Mother called for us in the kitchen, we went to help her with the breakfast and tea. In the past half an hour, my mind had wandered places. I was amused, then curious, in between I felt discomfort at the prospect of my father having a darker side to him. Now, I am smiling, it is funny, how we picture our parents to be this perfect image. It takes just a few lines, few minutes to judge them for the very same traits that we have. We, forget to acknowledge our parents as humans, those with flaws, history, dark and their very own stories of shame. I looked at my father, he gave out a guilty smile. Now, that I know him as another human, he was afraid of love lost.
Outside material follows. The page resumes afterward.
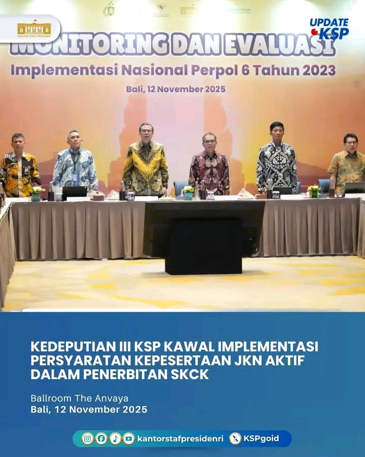 Dalam rapat yang dihadiri Pejabat Tinggi Madya dari @kemenkopmri, @sekretariat.kabinet, dan perwakilan Baintelkam Polri, KSP mengapresiasi langkah Baintelkam Polri dalam memastikan pemohon SKCK memiliki kepesertaan JKN yang aktif. KSP akan terus mendorong kolaborasi lintas-instansi untuk memperkuat implementasi kebijakan dan memastikan seluruh penduduk terlindungi dalam program Jaminan Kesehatan Nasional.(***)

I smiled back at him in assurance and passed the cup of tea I just poured.
"Do not be suspicious of your father. I shifted the blame on him so, that he does not speculate about me." My mother said in a firm whisper, as I walked and stood by her side in the kitchen counter and goaded her to join the breakfast.
I looked at her and she had a face mixed with panic and a resolution to tell it all. Looks like the lilies brought in some sweet surprises for me.